Data excerpts:

- Opening Delimiter -

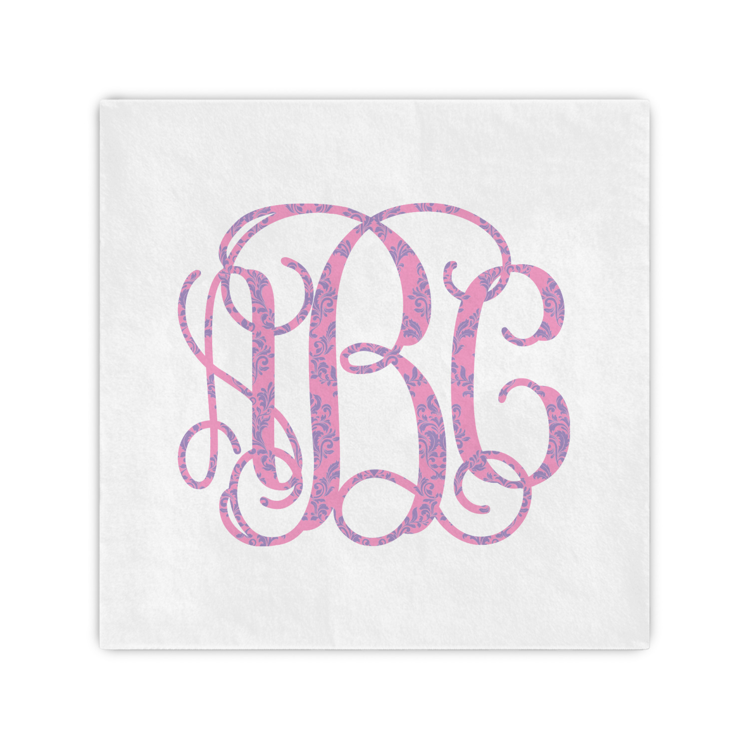 This stunning design is very feminine and elegant. It has simple, yet classic purple and white stripes on top with the stunningly elegant damask in pink and white on the bottom. The design is trimmed with a classic purple ribbon, along with a scalloped label and ever so beautiful interlocking monogram.
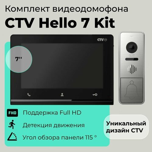 CTV KIT Hello 7 (Черный- Серебро) Видеодомофон для квартиры, дисплей 7" 1024x600, с записью видео по детекции движения, камера Full HD, угол обзора 115 градусов
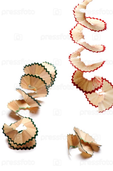 Стружка от цветных карандашей на белом фоне
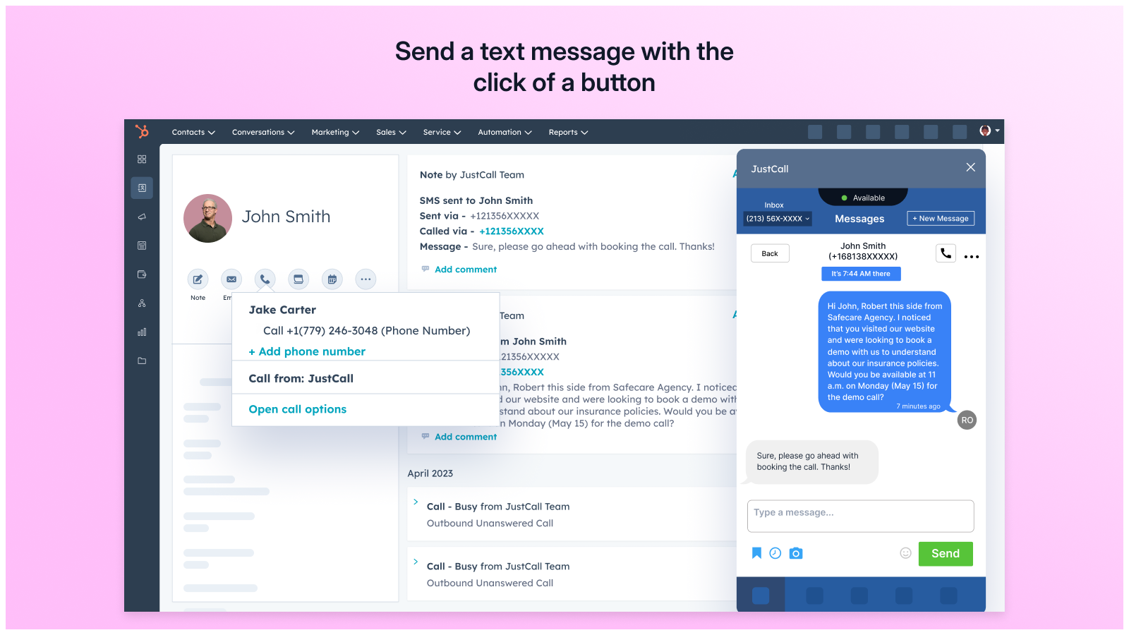 Logging of SMS message threads in HubSpot so that they're visible to all staff in real time. Automated quick replies (SMS) and voicemail drops save time
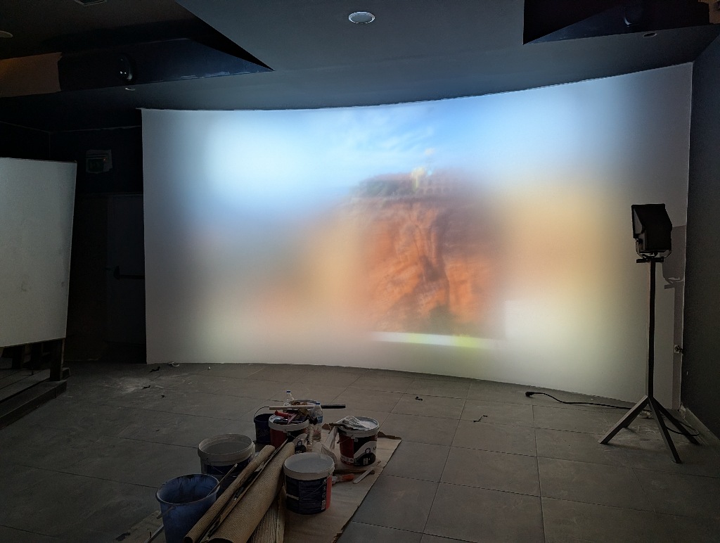 The blurring on the screen hasn't been added to hide any confidential information. It's just that the projector had only been recently installed and there was a translucent plastic cap on the lens to protect it from dust and splashed paint. The image is some common Windows background image and has nothing to do with the Olympics.
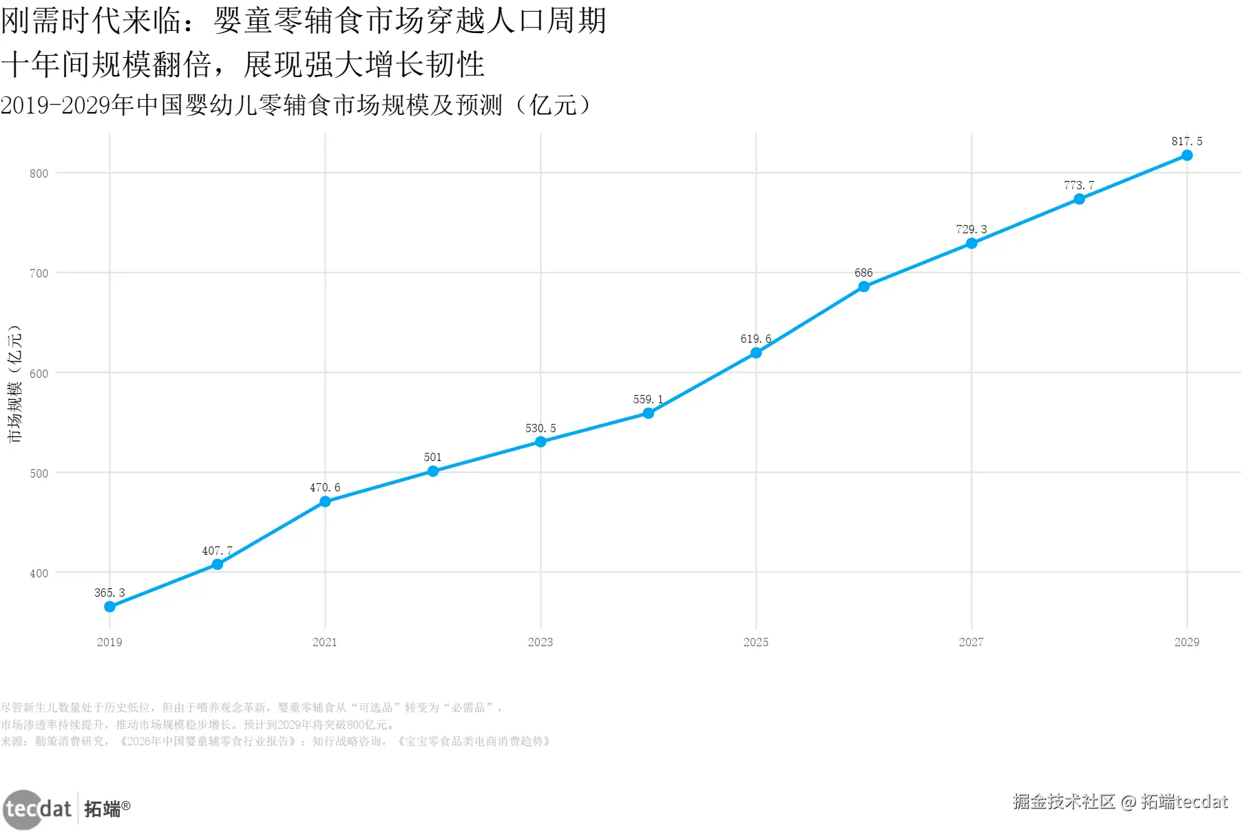 与成人零食同步扩容的,是婴童零辅食的“刚需化”进程。尽管新生儿数量走低,但喂养观念的革新推动渗透率持续提升。知行战略咨询预测,到2029年中国婴童零辅食市场规模将突破800亿元,十年间实现规模翻倍。
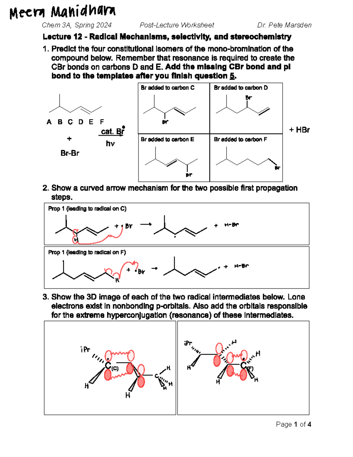 Post Lecture Worksheet 3 - © Dr. MaryAnn Robak – Chem 3A Fall 202 5 ...
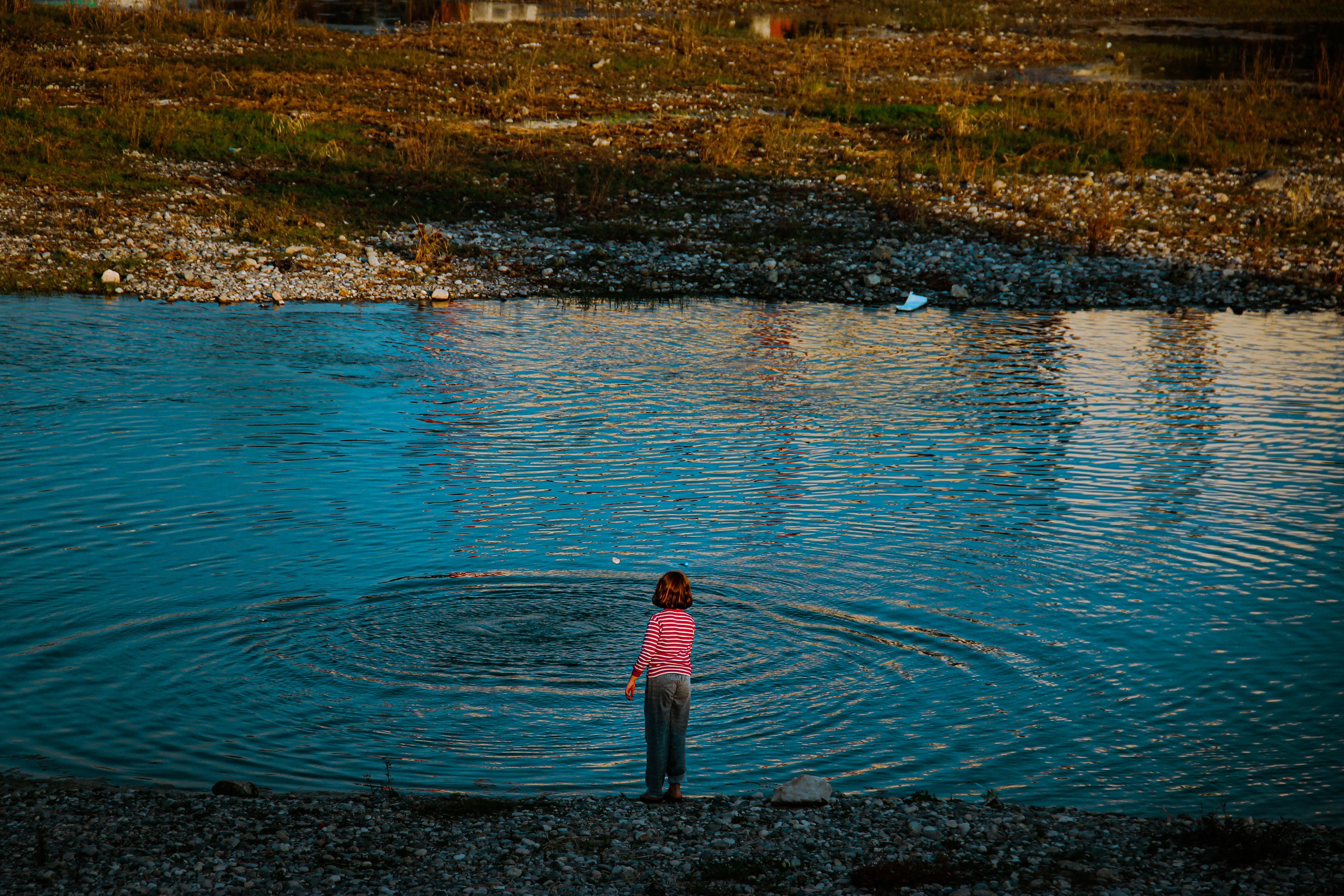 A young child in a striped shirt plays by the lakeside, rippling the calm water under a clear sky.

- Closing Delimiter -

*What the task asks*. Repeat exactly the lines above, beginning at the one containing "Стружка от цветных карандашей на белом фоне" and ending at the one containing "Logging of SMS". Do not carry over any pictures.

*Exercise result*.
 Стружка от цветных карандашей на белом фоне
 Logging of SMS message threads in HubSpot so that they're visible to all staff in real time. Automated quick replies (SMS) and voicemail drops save time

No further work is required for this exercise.